Dans l'histoire de la médecine, au moins jusqu'au XVI siècle, l'histoire de l'aromathérapie se confond en grande partie avec celle de la phytothérapie. Les plantes, dans leur ensemble, constituaient la base de la pharmacopée des civilisations antiques.
Si l'on retrouve les traces de méthodes de distillation ou d'extraction, en Chine ou en Inde, datant de plusieurs millénaires, c'est en Égypte que leur utilisation a été avérée. En Grèce, les écrits de Dioscoride font référence à l'utilisation d'extraits aromatiques. Les Romains les utilisèrent aussi sous forme d'onguents gras.
On attribue au médecin alchimiste arabe Jabir Ibn Hayyan l'invention, au X siècle, de l'alambic. Les procédés d'extractions s'améliorèrent par la suite, les pharmacopées les utilisant surtout après le XVI siècle. C'est à partir du XIX siècle, que l'on commença à isoler et classifier les principes actifs des molécules odoriférantes ce qui permit leur utilisation spécifique.
XX siècle, L'école française. En 1910, le chimiste René Maurice Gattefossé qui faisait des recherches en parfumerie, se brûla grièvement les mains, lors d'une explosion de laboratoire. Très gravement brûlé, et soigné selon les moyens de la médecine contemporaine, il fut rapidement atteint de gangrène gazeuse. En dernier recours, retirant ses bandages, il appliqua sur ses plaies infectées de l’huile essentielle de lavande.
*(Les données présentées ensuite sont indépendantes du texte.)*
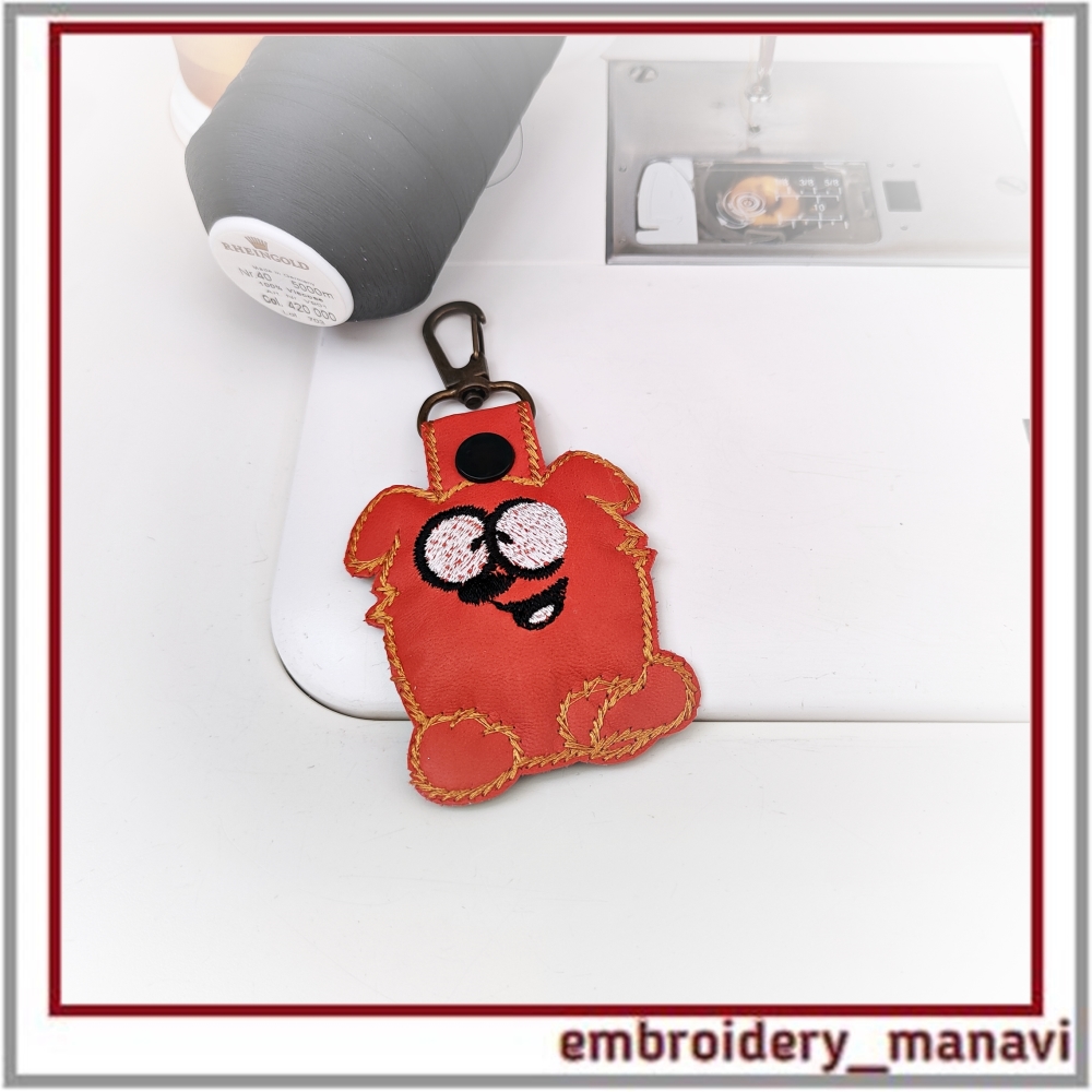 funny, cartoon dog, keychain, key fob, animal, ith, in the hoop
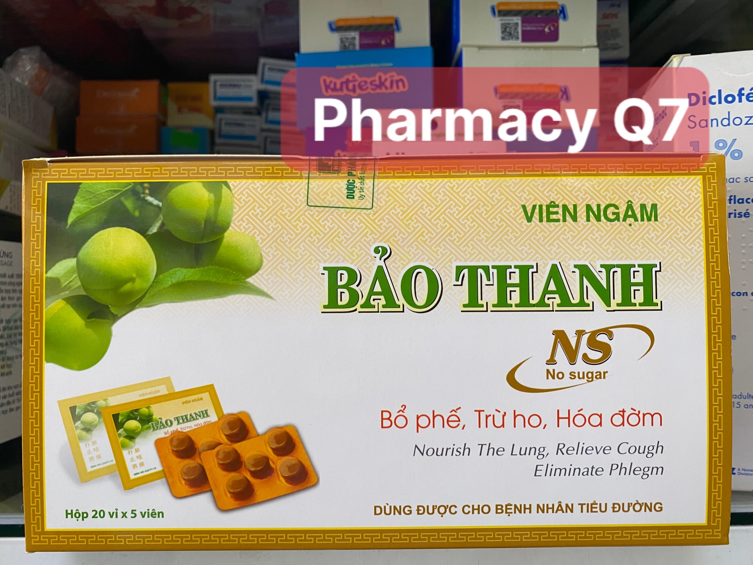 Viên ngậm Bảo Thanh không đường giúp bổ phế, trừ ho, hóa đờm, được bào chế dưới dạng kẹo ngậm Lozenger, không chứa đường, thích hợp cho người bị tiểu đường.
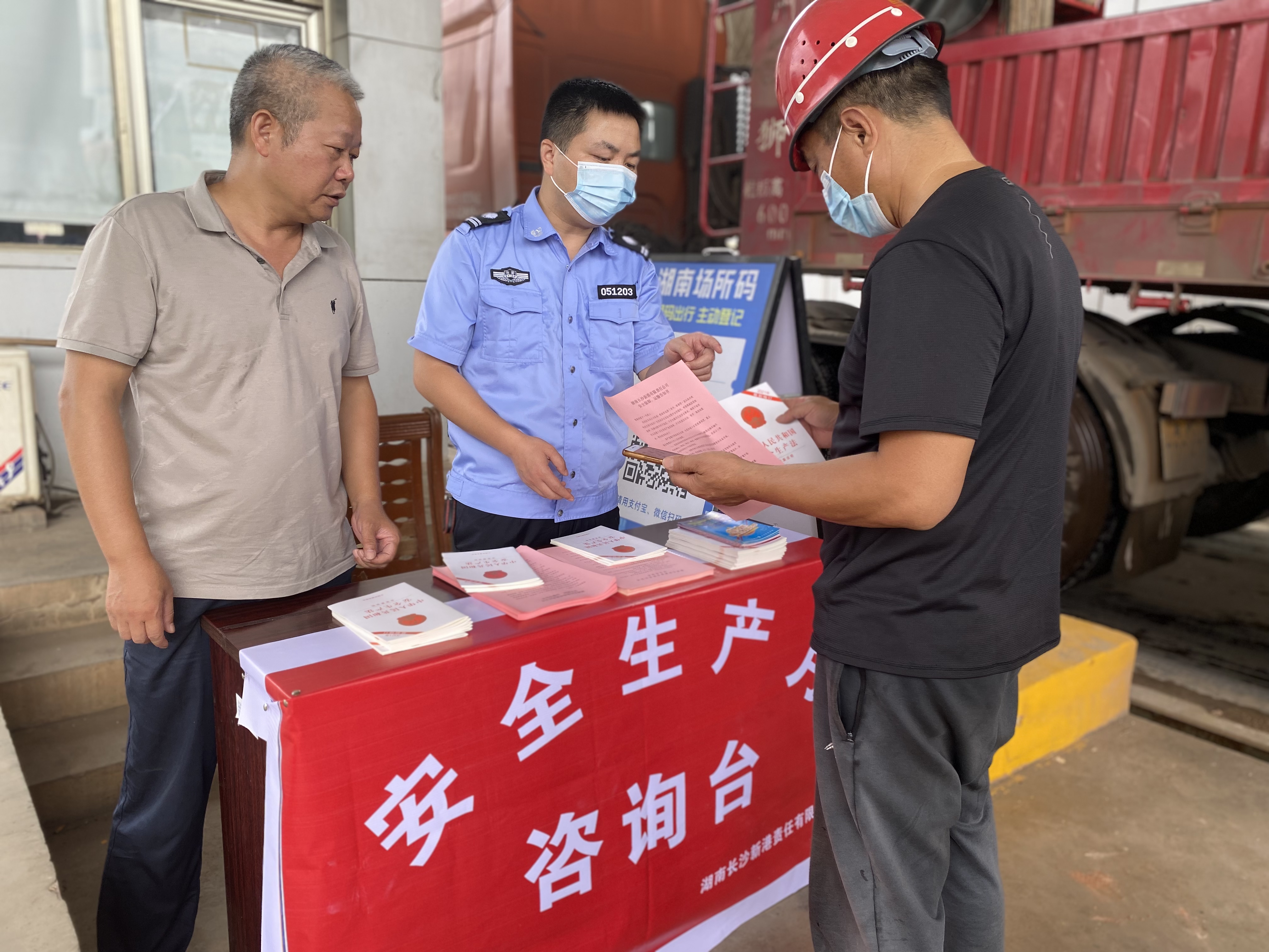 6月16日上午,湖南長沙新港有限責(zé)任公司在港區(qū)入口處開展安全生產(chǎn)月咨詢活動,向入港司機、客戶宣傳安全知識,發(fā)放《安全生產(chǎn)法》、安全知識宣傳折頁、車輛裝卸運輸安全告知書以及入港安全告知書等,營造安全氛圍。
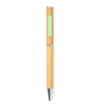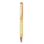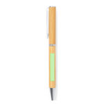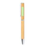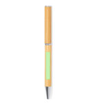 Stylo avec corps en bambou. Clip métallique et accessoires chromés. Mécanisme rotatif et encre bleue. Des matériaux tels que le bambou encouragent l’utilisation de matières premières naturelles en réduisant les émissions polluantes. Il provient d’une plante très résistante et polyvalente, avec une croissance et une régénération rapides, étant une excellente alternative à l’utilisation du bois traditionnel.
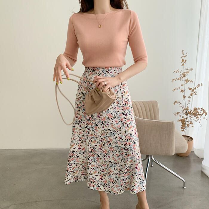 韓国風ミッドスリーブサマーニットセーターです。
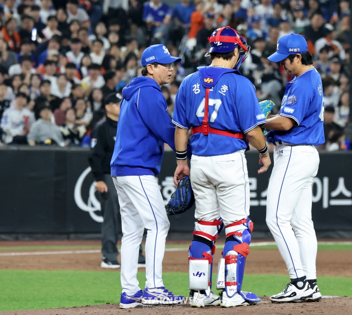 Yang Chang-seop is taking the mound with two outs in the bottom of the second inning of the 2026 KBO League Hanwha Eagles and Samsung Lions game at Hanwha Life Ball Park in Daejeon on the 15th. 2026.04.15.
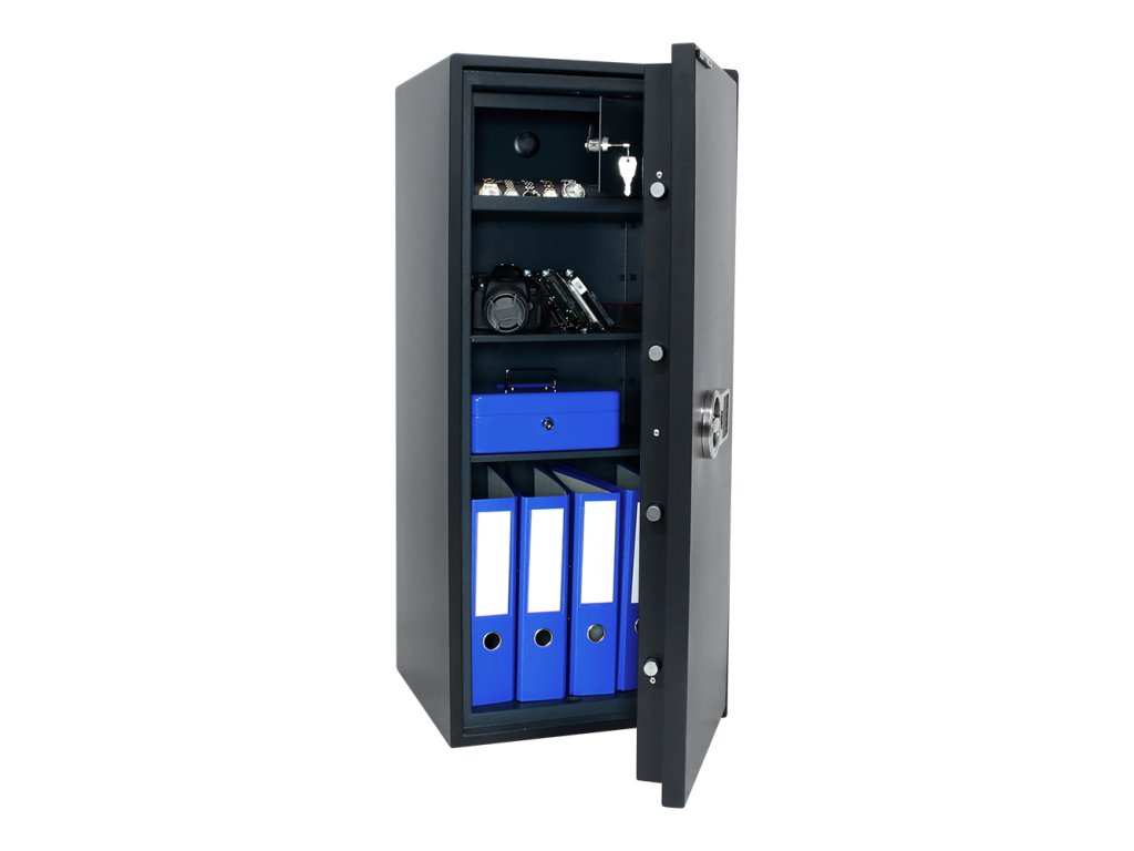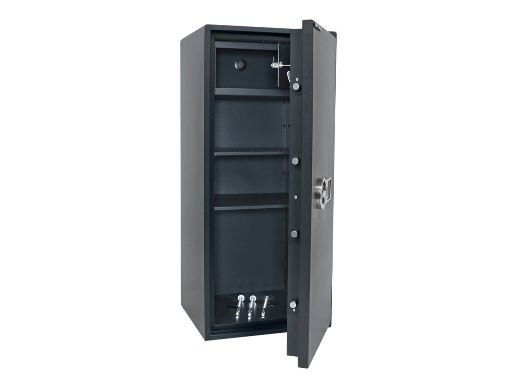Hlavní výhody: Certifikovaný elektronický zámek Bezpečnostní třída S2 (ČSN EN 14450) Možnost úschovy i zbraní a munice podle č. 190/2003 Sb Vnitřní schránka s cylindrickým zámkem a 2 klíči Dvouplášťový nábytkový trezor Napájení 1 x 9V baterií (součástí balení) Tloušťka pláště dveří 70 mm 2 poličky uvnitř Elektronické nouzové otevírání externí baterií a vnějšími kontakty Otvory na ukotvení na spodní a zadní straně trezoru Náš největší model nábytkového trezoru z modelové řady Power Safe nabízí štědrý úložný prostor a vysokou míru variability uvnitř. Trezor se může pochlubit certifikovaným elektronickým zámkem a bezpečnostní třídou S2 (ČSN EN 14450). I díky tomu můžete dnu uložit nejen osobní cennosti, šperky, důležité dokumenty, šanony, malé pokladničky ale i zbraně a munici. Napájení je řešeno prostřednictvím 9V baterie, kterou najdete v balení spolu s trezorem. Vnitřek nabízí možnost předělení prostoru podle vašich představ a to pomocí 2 poliček. V horní straně se nachází samostatně uzamykatelná vnitřní schránka se 2 klíči. Trezor je možné upevnit pomocí připravených otvorů na spodní a zadní straně. Kotvící materiál je součástí balení. Kování zámku zvyšuje celkovou vnější hloubku trezoru o 15 mm.
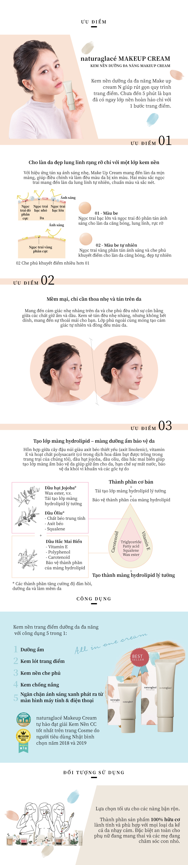 ✨Make Up Cream On The Go (30 gói Shachet) - Kem nền hữu cơ đa năng naturaglacé Make Up Cream (01 - Màu be)
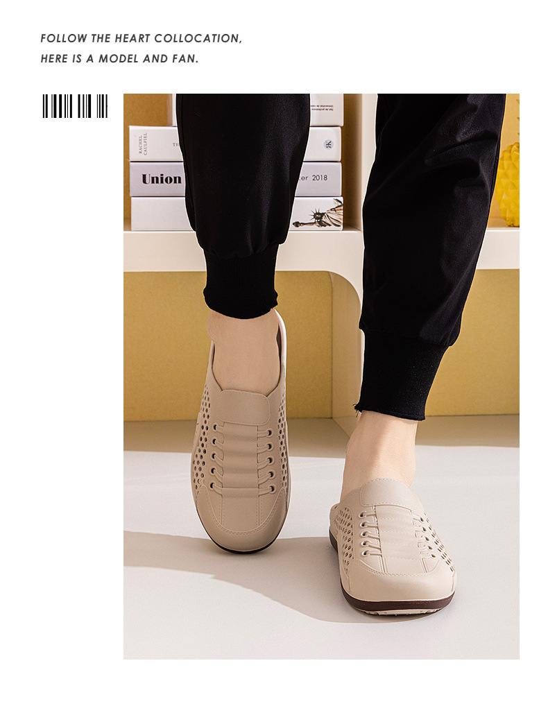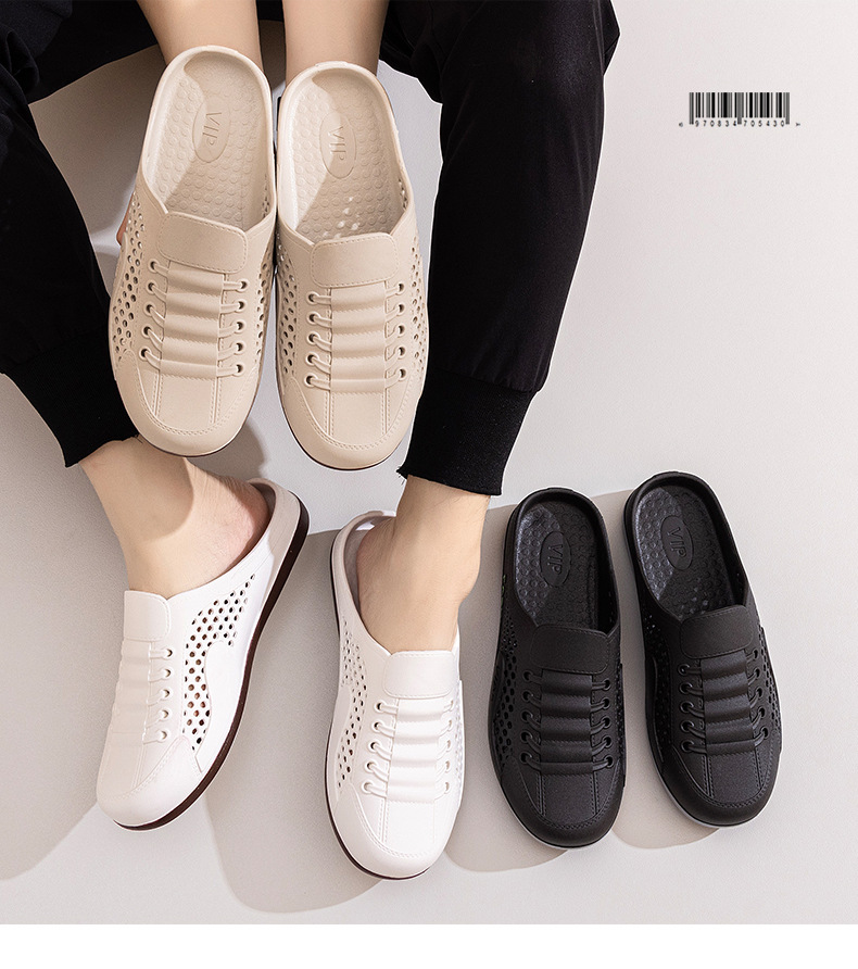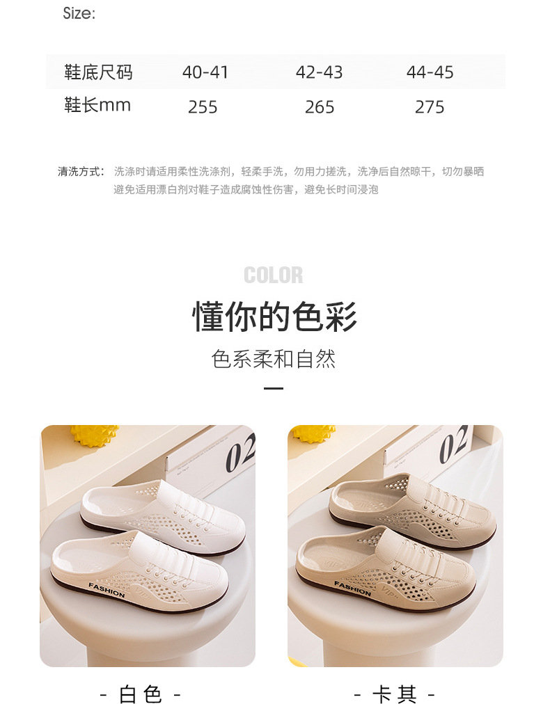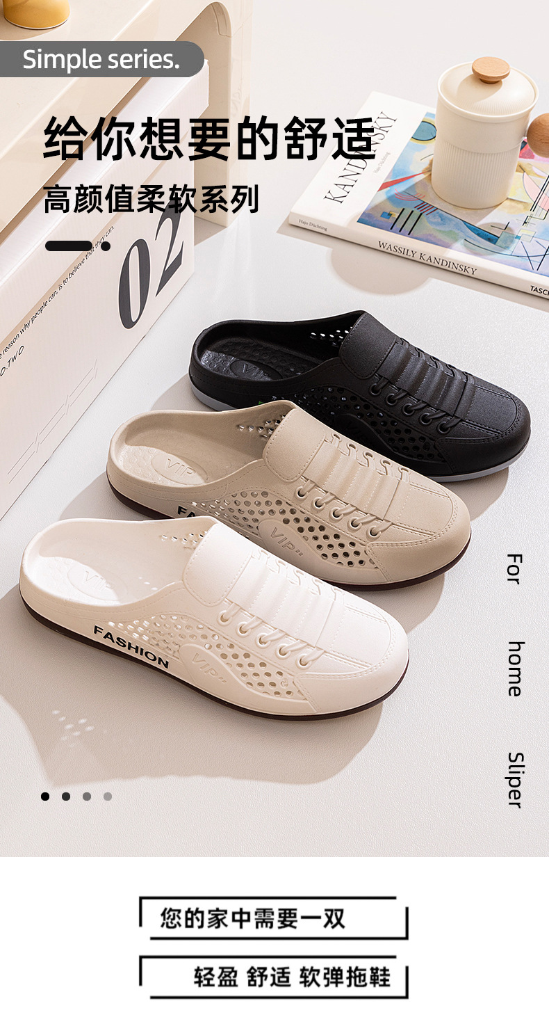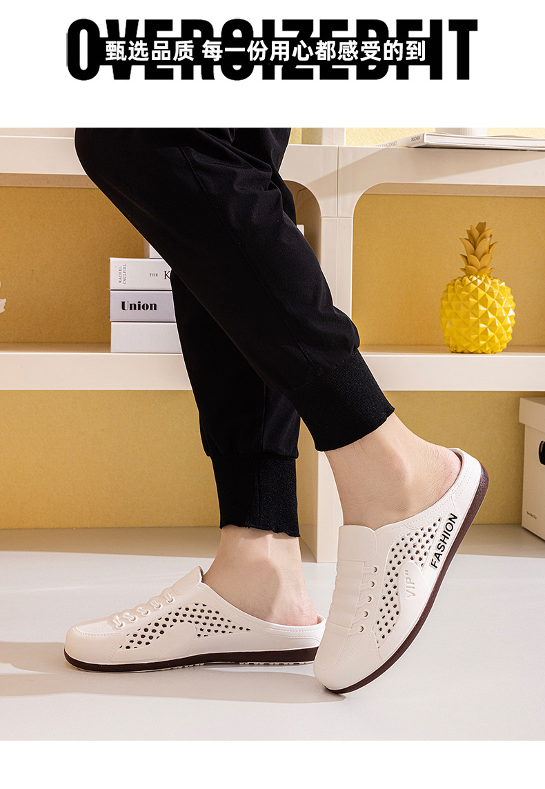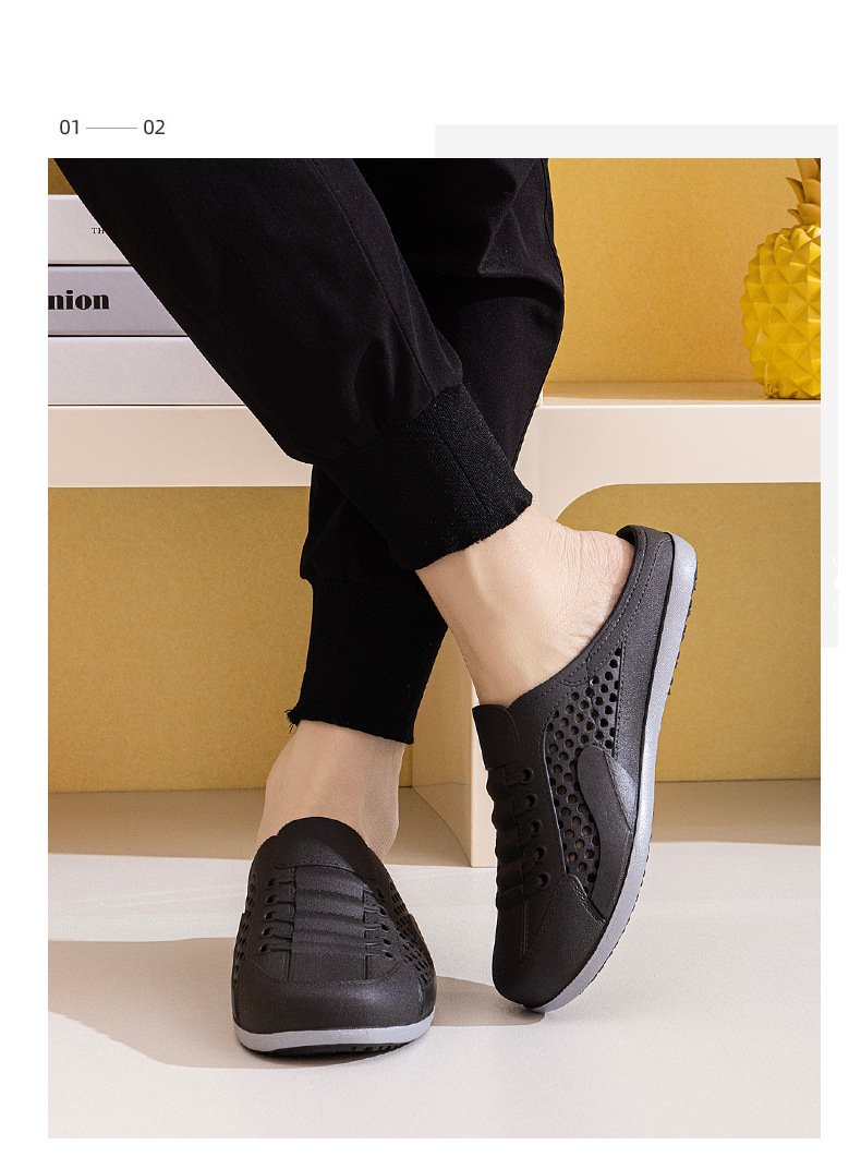 Men's Shoes Summer New Breathable Mesh Shoes Men's Slip-On Lazy Heelless Half Slippers Fashionable Versatile Casual Trendy Shoes

Selon la légende, les résultats furent stupéfiants, et confirmèrent son intuition : l’essence de lavande possédait de réelles propriétés antiseptiques et cicatrisantes . Dès lors, il consacra une partie de ses recherches aux propriétés des huiles essentielles.
Il est à l'origine du néologisme "aromathérapie", devenu peu après un mot courant.
Dans les années 1960, le Docteur Jean Valnet reprit les travaux de Gattefossé et publia des ouvrages de référence.
Ils sont considérés comme les pères de l'aromathérapie moderne. Par la suite, Pierre Franchomme, avec la notion de chémotype contribua à l'amélioration de la qualité des extraits utilisés.
À la fin du XX siècle, au même titre que l'ensemble de la pharmacognosie, l'aromathérapie bénéficia de l'avancée des méthodes d'analyses, en particulier de la chromatographie. La distinction précise des composés aromatiques permit à la médecine de mieux appréhender leurs mécanismes d'action, et d'affiner leur prescription.